In questa settimana due distinti documenti sindacali, uno della CGIL e l’altro della UIL, hanno denunciato la gravità di un ente pubblico allo sfascio. Il nostro Comune. Quello di Cava de’ Tirreni, dal 2015 governato dal sindaco Servalli e da una maggioranza di centrosinistra.

Entrambi i sindacati hanno, per così dire, messo il dito nella piaga: un’organizzazione comunale disastrata e al limite del collasso. Una condizione catastrofica che pone in gravi difficoltà i dipendenti e in serio pericolo i servizi da erogare ai cittadini.

Al momento, per ragioni di spazio, tralasciamo il documento della UIL, riservandoci di parlarne eventalmente in futuro. Ci soffermiamo, invece, su quello della CGIL che fa luce su fatti e situazioni di cui in parte e genericamente avevamo già scritto.

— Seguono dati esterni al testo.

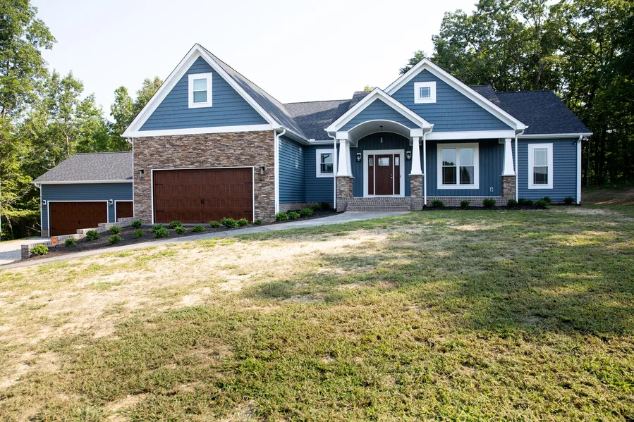 If you are wanting a custom built home but realize you don't have time to wait come fall in love. This remarkable home has no match in the area. Home has an expansive main level with open living, dining & kitchen. Kitchen has white cabinets, quartz countertops, white designer tile back-splash, & an upgraded black stainless appliance package that includes a convection microwave, oven, 5 burner gas cooktop & a split door refrigerator with freezer on bottom. Enjoy the island for cooking & entertaining. Walk out from the dining room to a covered rear porch with an exceptional patio with pre-wiring for future hot tub or bar. Main level master suite provides space for living, a large closet for the shoe or clothing fan, and a bath with separate walk-in shower, an oversized tub, double sinks and room to navigate getting ready for your day with a partner. The main level has 2 additional bedrooms, full bath, laundry room, and a mudroom bench. Upper level provides a bonus room, bedroom and full bath. The first attached garage has been converted to a home gym, the 2nd 4 car garage is ready for all car buffs. Come see the quality and upgrades for yourself. You will be glad you did.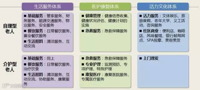 生活服务体系、医护康复体系、活力文化体系,两类人群对于相应服务的需求是不同的。

Quella della CGIL è un’operazione di verità.

Lo è quando denuncia la “carenza di personale e i servizi scoperti, i carichi di lavoro esagerati e l’esasperazione dell’utenza a volte rivolta ai lavoratori”.

Alcuni dati al riguardo, desunti dalla ricognizione annuale della dotazione organica, sono assai eloquenti. Nel 2017 il Comune di Cava de’ Tirreni contava in organico 538 dipendenti a tempo indeterminato full time. Oggi, a fine 2022, il numero di dipendenti in servizio a tempo indeterminato è sceso ad appena 265 unità, alcuni dei quali non sono neanche in full time. In altri termini, meno della metà. Insomma, quattro gatti rispetto alle incombenze complesse cui la macchina comunale è chiamata a dare risposte. Senza contare poi che, in questo numero risicato, sono compresi una novantina di dipendenti appartenenti alle categorie protette, immessi in pianta organica a dismisura e senza criterio, per non dire peggio.

Appare assai scontato, quindi, che i servizi comunali vadano in malora. Dalla pulizia e manutenzione delle strade e del cimitero alla biblioteca. Così come dalle diverse figure degli operai, ormai al lumicino, ai vigili urbani, rimasti in pochissimi. Tanto per esser chiari, è difficile vedere vigili urbani in giro per la città. E’ semplice la spiegazione. Non avendo il dono dell’ubiquità, non ce ne sono in servizio in numero sufficiente.

E’ un’operazione di verità quando la CGIL denuncia che “il parco risorse tecnologiche (pc e stampanti) è obsoleto e insufficiente e quotidianamente rallenta le attività”. Siamo, in questo, in una situazione di degrado, prossima al terzo mondo. Pensare che, fino a qualche anni fa, il nostro Comune continuava a rappresentare un modello. Anzi, era un punto di riferimento in quanto ad innovazione tecnologica del lavoro e dei servizi erogati.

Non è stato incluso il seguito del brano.